Rose Noisette [Giardini & Ambiente – Marzo 2014]

pubblicato su Giardini & Ambiente
marzo 2014
Rose Noisette di Monica Cavina

Da un semplice scambio tra vicini è nata una categorie di rose molto interessante, per rifiorenza, tonalità di colore, profumi e versatilità di utilizzo

Leggendo la storia delle rose Noisette, ho sempre trovato molto curioso e simpatico il modo in cui le rose Noisette sono arrivate da noi in Europa.

Hanno origine nella Carolina del Sud, ottenute da un coltivatore di riso (John Cham-pney) che incrociò R. Moschata con la rosa cinese (derivante da Rosa chinensis) `Old Blush’ (nota anche come `Parson’s Pink China’), ricevuta in regalo dal suo vicino di casa: Philippe Noisette. Il risultato dell’incrocio fu Rosa `Cham-pneys Pink Cluster’ (1802).

Per ricambiare il dono il risicoltore regalò i semi che ottenne da questa pianta a Philippe Noisette, anch’egli grosso amante e conoscitore di botanica, che fece altri incroci e spedì i semi in Francia al fratello vivaista Louis. Louis chiamò le rose ottenute dai semi “Rosier de Philippe Noisette” in onore del fratello, o più semplicemente “Noisette”.

Tra queste prime Noisette si ricorda la famosa Slush Noisette’ che incrociata con Tark’s Yellow Tea-scented China’ diede origine ad alcune delle rose rampicanti dalla tonalità gialla. Queste rose rivoluzionarono completamente il panorama Europeo, portando la rifiorenza nelle rampicanti e introducendo il color albicocca nelle sue diverse sfumature.

Tuttora ci deliziano con i loro profumi freschi e fruttati.

Varietà

Tra tutte le Noisette reperibili nei vivai, vorrei presentare alcune varietà:

“Blush Noisette” (Philippe Noisette, 1814): è la capostipite di tutte le rose Noisette, l’utilizzo migliore è come grande arbusto.

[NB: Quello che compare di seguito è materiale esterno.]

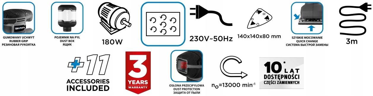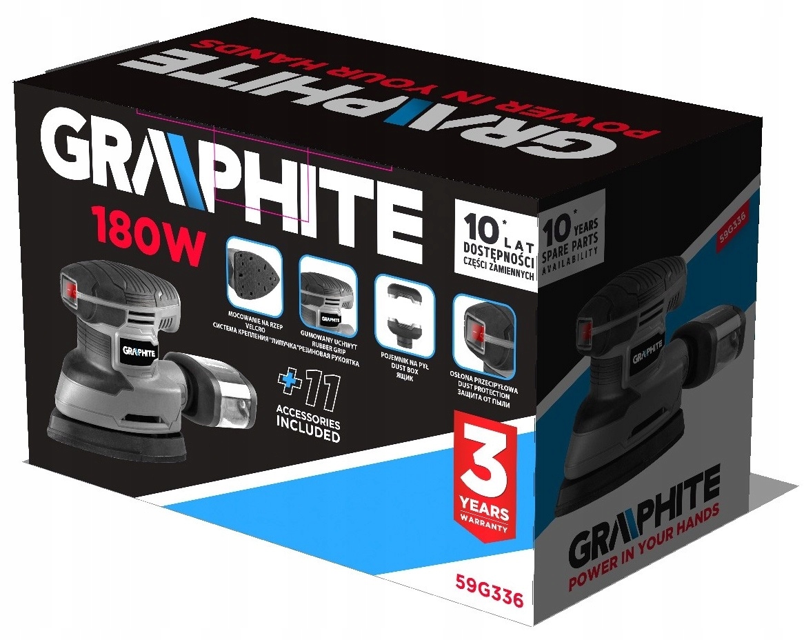 Дельта-орбітальна шліфувальна машина 180 Вт, основа 140 x 140 x 80 мм 59G336 від GRAPHITE – це інструмент потужністю 180 Вт із трикутною основою розміром 140 x 140 x 80 мм і сумісним наждачним папером 140 x 140 x 97 мм.
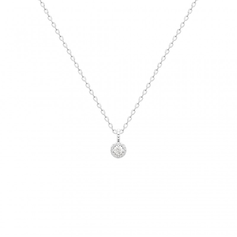 Ce collier est composé d'une fine chaîne et d'un pendentif représentant une sublime pierre ronde en Oxyde de zirconium

Ha uno sviluppo lento, ma con il tempo raggiunge dimensioni notevoli e regala fioriture abbondanti e profumate con mazzi di piccoli fiori color rosa.

“Meteor” (Geschwind, 1887): il suo bellissimo color rosso brillante, la generosa rifiorenza e l’intenso profumo che emanano i grandi fiori, fanno di questa rosa un’ottima pianta da giardino sia per formare piramidi che per ricoprire colonne.

“William Allen Richardson” (Ducher, 1878): il suo color giallo albicocca in contrasto con il color rosso della nuova vegetazione la rende una rosa particolarmente elegante e leggera. Può essere utilizzata come rampicante vera e propria, oppure come grande arbusto libero, facendola crescere senza strutture portanti. Regala frequenti fioriture e un delizioso profumo.

Spesso queste rose sono consigliate per zone calde, ma nel nostra clima non presentano nessun problema, il caldo aumenta la fioritura.